How to complete this task —
Beginning at the line containing "Visualize a living" in the material below and ending at the line containing "EComposer by Fera.ai", return each line exactly and add nothing.

Data extract —

= = = = =

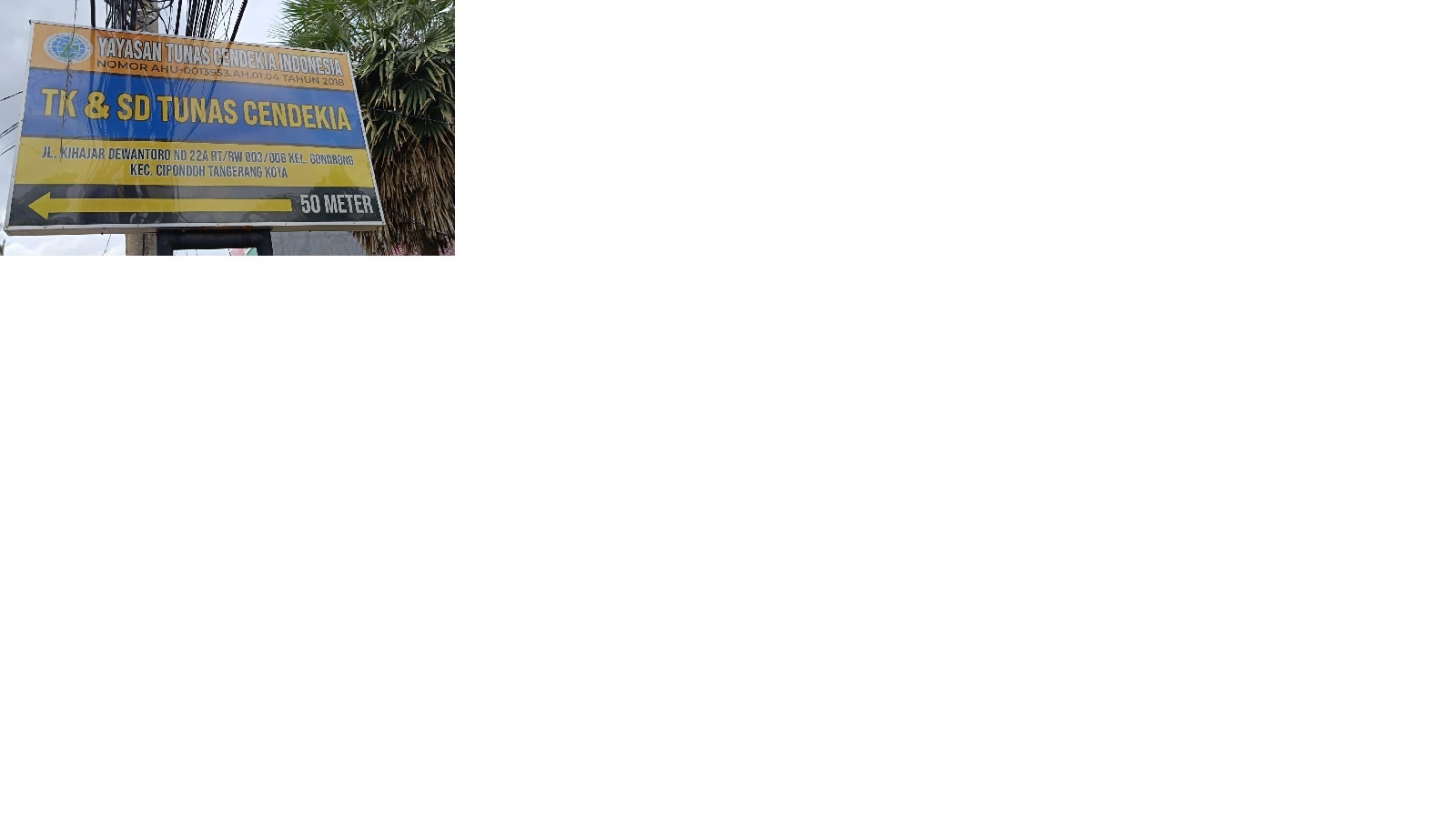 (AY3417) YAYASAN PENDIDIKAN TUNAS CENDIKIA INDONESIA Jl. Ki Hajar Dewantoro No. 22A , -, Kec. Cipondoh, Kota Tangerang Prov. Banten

= = = = =

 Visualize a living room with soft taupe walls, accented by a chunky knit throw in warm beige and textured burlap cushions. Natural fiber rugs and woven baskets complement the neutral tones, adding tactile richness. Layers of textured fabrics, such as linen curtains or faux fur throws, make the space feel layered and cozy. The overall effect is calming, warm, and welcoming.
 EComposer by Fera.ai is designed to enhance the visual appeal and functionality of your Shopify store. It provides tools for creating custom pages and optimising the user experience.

= = = = =

Solution to this task —
 Visualize a living room with soft taupe walls, accented by a chunky knit throw in warm beige and textured burlap cushions. Natural fiber rugs and woven baskets complement the neutral tones, adding tactile richness. Layers of textured fabrics, such as linen curtains or faux fur throws, make the space feel layered and cozy. The overall effect is calming, warm, and welcoming.
 EComposer by Fera.ai is designed to enhance the visual appeal and functionality of your Shopify store. It provides tools for creating custom pages and optimising the user experience.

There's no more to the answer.